[EXERCISE GOAL]
Your task is to repeat all of the data exactly while excluding the pictures.
--------------------
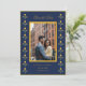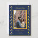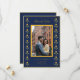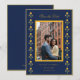 Söta gula och marinblå Spara datum-kort med aquarell sammetstöm kant med parfoto.
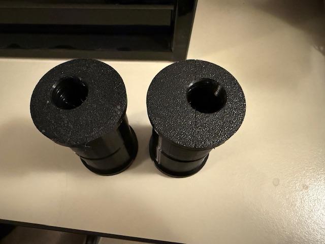It went from the engine mounts being too spread out to too close together. I must have mis-measured or miscalculated something. There really isn't enough meat on the frame mounts to grind them out, and I really don't want to cut, grind, and reweld the mounts. I'd be afraid I'd end up messing something else up in the process. Standing around staring at it, and debating if I could just stack a bunch of washers to get it to line up, it hit me. I could just make offset bushings. Its about 7/16" too wide, so if I make a set of bushings each offset by about half that, they should fit perfectly. I'll want to mess with the print settings a bit, to make sure the inner and outer walls have at least a bit of infill, so there is some give on all sides. Thinning the walls down, and increasing the infill density should do the trick, and not cause problems. Since this means the store bought bushings won't work as a substitute, these mounts will get a heat shield to protect them from the headers.
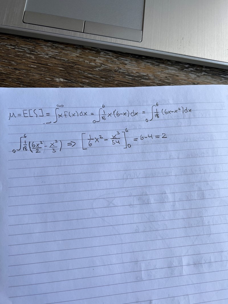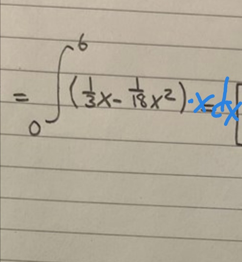 När jag gör det som på bild och sätter sedan in 6=x så får ju jag noll. Hur gör jag när jag är ute efter väntevärdet i detta problem?
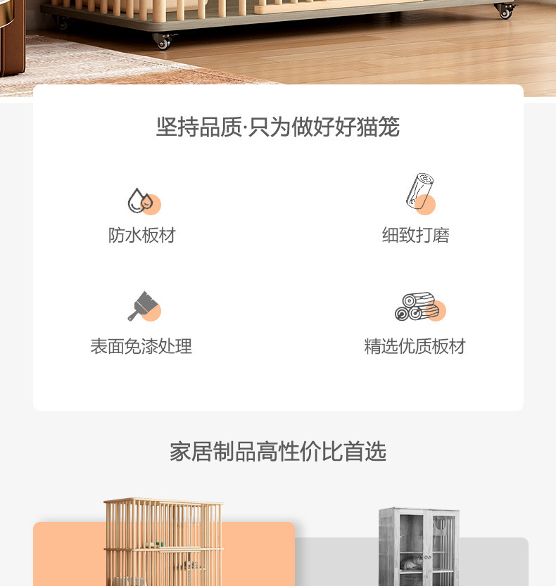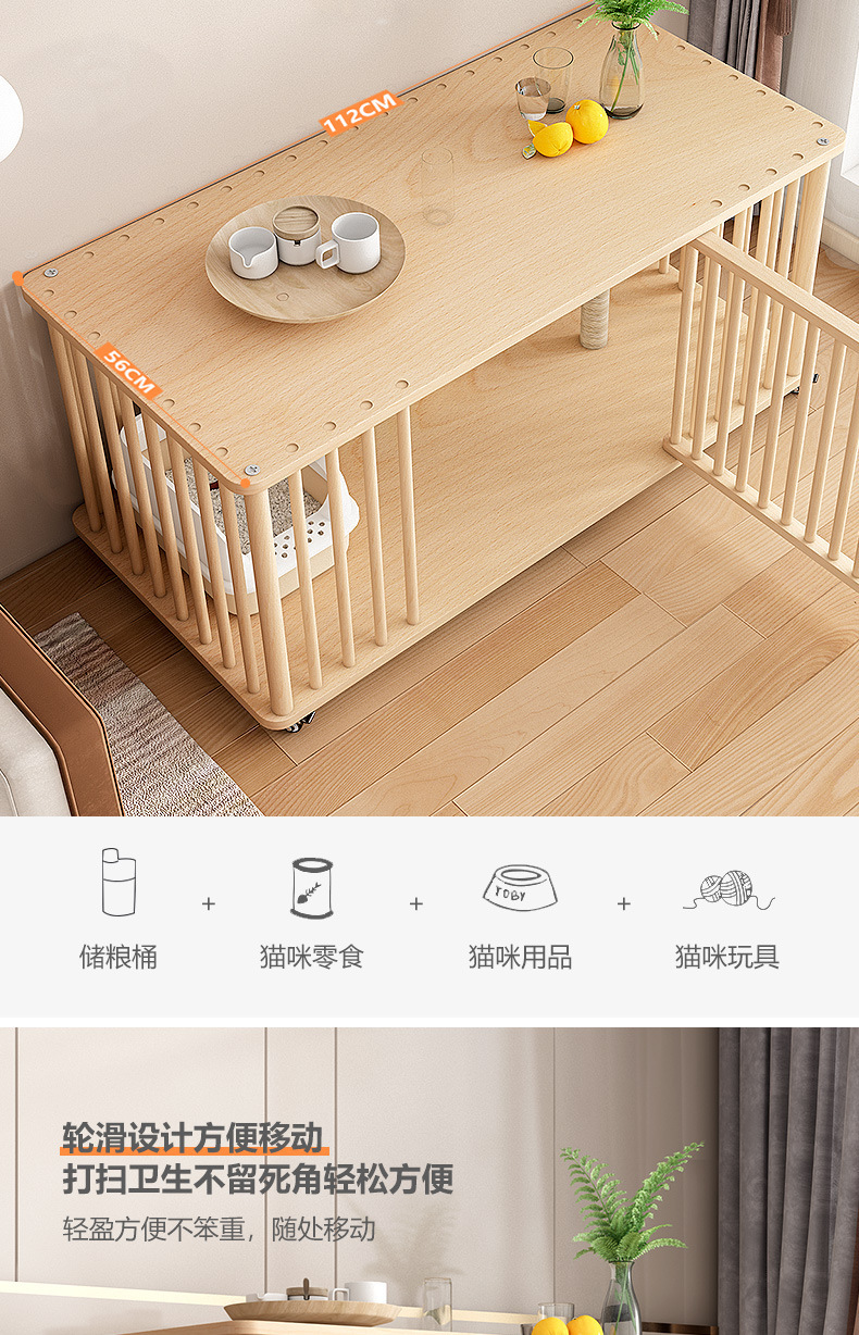 • 사각형 단단한 나무 고양이 케이지 단일 레이어
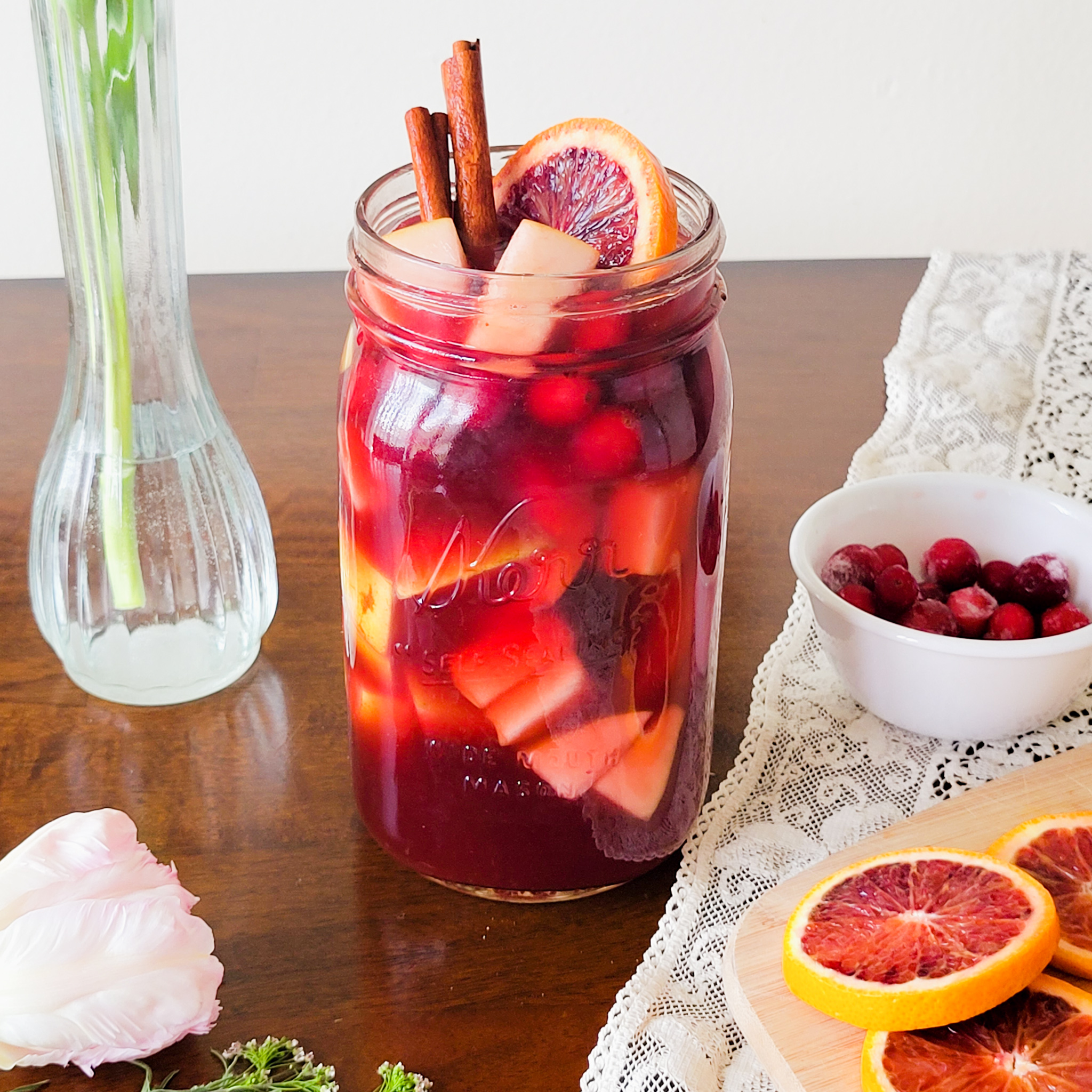 - Combine the diced pear, sliced orange, and cranberries to a jar or pitcher.
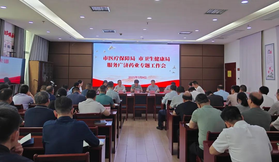 5月9日,武穴市医疗保障局与市卫生健康局携手举办“服务广济药业”专项工作会议。武穴市医疗保障局党组书记、局长廖律根,党组成员、副局长张菁,武穴市卫生健康局公共卫生总师胡征民,市医共体总医院(市第一人民医院)党委副书记蔡林生,广济药业党委委员、副总经理、济康公司董事长赵延华参加会议。
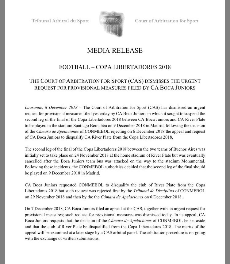 Δεν αλλάζει κάτι στη διεξαγωγή του δεύτερου τελικού του Κόπα Λιμπερταδόρες στη Μαδρίτη! Το CAS έριξε «άκυρο» στην έφεση της Μπόκα Τζούνιορς, που ζητούσε τον αποκλεισμό της Ρίβερ Πλέιτ. Έτσι, το παιχνίδι θα γίνει κανονικά το βράδυ της Κυριακής (9/12) στο «Σαντιάγκο Μπερναμπέου».
--------------------
[OUTPUT OF THE EXERCISE]
 Söta gula och marinblå Spara datum-kort med aquarell sammetstöm kant med parfoto.
It went from the engine mounts being too spread out to too close together. I must have mis-measured or miscalculated something. There really isn't enough meat on the frame mounts to grind them out, and I really don't want to cut, grind, and reweld the mounts. I'd be afraid I'd end up messing something else up in the process. Standing around staring at it, and debating if I could just stack a bunch of washers to get it to line up, it hit me. I could just make offset bushings. Its about 7/16" too wide, so if I make a set of bushings each offset by about half that, they should fit perfectly. I'll want to mess with the print settings a bit, to make sure the inner and outer walls have at least a bit of infill, so there is some give on all sides. Thinning the walls down, and increasing the infill density should do the trick, and not cause problems. Since this means the store bought bushings won't work as a substitute, these mounts will get a heat shield to protect them from the headers.
 När jag gör det som på bild och sätter sedan in 6=x så får ju jag noll. Hur gör jag när jag är ute efter väntevärdet i detta problem?
 • 사각형 단단한 나무 고양이 케이지 단일 레이어
 - Combine the diced pear, sliced orange, and cranberries to a jar or pitcher.
 5月9日,武穴市医疗保障局与市卫生健康局携手举办“服务广济药业”专项工作会议。武穴市医疗保障局党组书记、局长廖律根,党组成员、副局长张菁,武穴市卫生健康局公共卫生总师胡征民,市医共体总医院(市第一人民医院)党委副书记蔡林生,广济药业党委委员、副总经理、济康公司董事长赵延华参加会议。
 Δεν αλλάζει κάτι στη διεξαγωγή του δεύτερου τελικού του Κόπα Λιμπερταδόρες στη Μαδρίτη! Το CAS έριξε «άκυρο» στην έφεση της Μπόκα Τζούνιορς, που ζητούσε τον αποκλεισμό της Ρίβερ Πλέιτ. Έτσι, το παιχνίδι θα γίνει κανονικά το βράδυ της Κυριακής (9/12) στο «Σαντιάγκο Μπερναμπέου».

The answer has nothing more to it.